Instances (or Job Processes) are numbered 0 through n, where n is the number of processes that the job can run at the same time. Therefore if you want to have the farm render 10 frames at a time, the number of Instances for that job should be 10.
Agenda items (or Frames) refers to the granular list of items to be processed. Let's look at a simple example:
Job 12345 wants to render 4 frames (numbered 100-103) on two workers. One way that might work out would be like this:
- The four agenda items are: frame 100, frame 101, frame 102, and frame 103.
- Instance 12345.0 renders frames 100 and 102 (agenda items 1 and 3)
- Instance 12345.1 renders frames 101 and 103 (agenda items 2 and 4)
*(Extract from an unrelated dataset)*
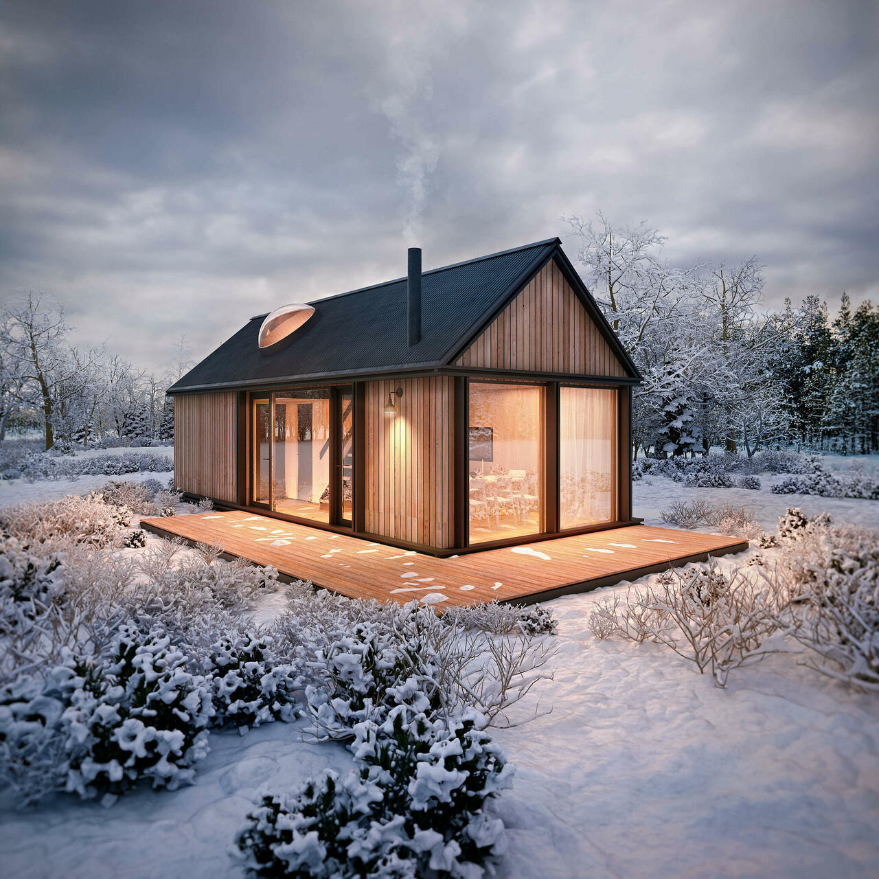 Delivered to your property with a concrete foundation, complete with integrated connection points for internal communications, MUHU is designed for convenience. The 200mm stone wool insulation in the walls and 300mm in the roof ensures a cozy atmosphere year-round.
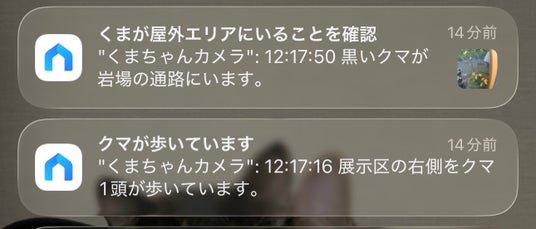 「黒いクマが敷地付近を歩いています」などの具体的なアラートが可能であることを確認

There are a lot of variations that can occur here, but the important thing to remember is the distinction between Instances and Agenda Items - Agenda Items (also commonly referred to as frames when rendering) are the granular list of things the job wants to accomplish, while Instances designate the number of machines the job is run on. (The simplest example is where the number of Instances equals the number of Agenda Items, but sometimes that's not the most efficient way to do things)
Assigning a Job
Now the Supervisor has a job, and it goes looking for a Worker to run it. It does this by taking into account a lot of different information about the job, the workers, the current state of the farm, etc. This is a greatly simplified description of that process.
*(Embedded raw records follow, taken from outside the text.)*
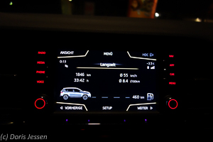 Als für das „kleine Fahrzeug“ ausgesprochen großartig empfanden wir das Infotainment und die Fahrerassistenzsysteme, die Wettbewerbern der sog. Premiummarken leicht das Wasser reichen können, wenn sie diese nicht sogar noch übertreffen. Und das nicht nur in Umfang und Vielfalt, sondern vor allem in der absolut selbst erklärenden Einfachheit: Ob es um die Klimatisierung, das Abrufen einzelner Bordinformationen oder die Navigation geht, das Koppeln des Smartphones oder Audio-Streaming via Bluetooth oder je zwei USB oder SD-Kartensteckbuchsen: Alles ist mit einem Fingerzeig auf dem großen Touchscreen oder über Sprachbefehle steuerbar. Das Kombiinstrument direkt im Blick des Fahrers informiert auf einen Blick über alle wichtigen Fahrdaten.
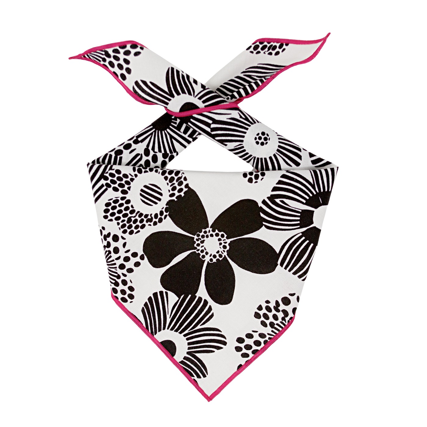 Crisp Cream Cotton with "Flower Power" Print, Hot Pink Rolled Hem make this a Beautiful Spring or Summer Bandana
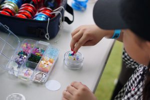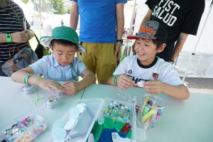 キメラブースでの開催は初!「自分だけのオリジナルヨーヨーを作ろう!」というワークショップを開催しました。こちらで用意したヨーヨーのボディにペイントやビーズなどの小物で装飾してもらい、最後はYOYOFACTORYのトリックショットストリングで紐を作って完成!というコンテンツなのですが、これが今回大人気で100個近い準備数が完売となりました!ちなみに人気ナンバーワン小物は「鈴」でした(笑)

The Job Slots (or Process Slots) for a Worker determine how many processes a given Worker can run at a given time. By default, the number of Job Slots is set to the number of processor cores, but this relationship is not required and can easily be changed so that the number of slots is different. For example, when using a multi-threaded renderer like Maya it's useful to have the Worker run 1 instance (or process) at a time, using all the cores for that instance - so that would be a single slot with 8 cores (on an 8-core machine). On the other hand, if you want to run many single-threaded processes that each require a few resources, you may want to set the Worker to have 4 or 8 Job Slots available.
Every job in Qube! is assigned a numeric priority. Priority 1 is higher than priority 100. This is similar to 1st place, 2nd place, 3rd place, etc. The default priority assigned to a job is 9999. The priority is used to help determine when and where (on which Worker) a job will run. But there is more to it than that.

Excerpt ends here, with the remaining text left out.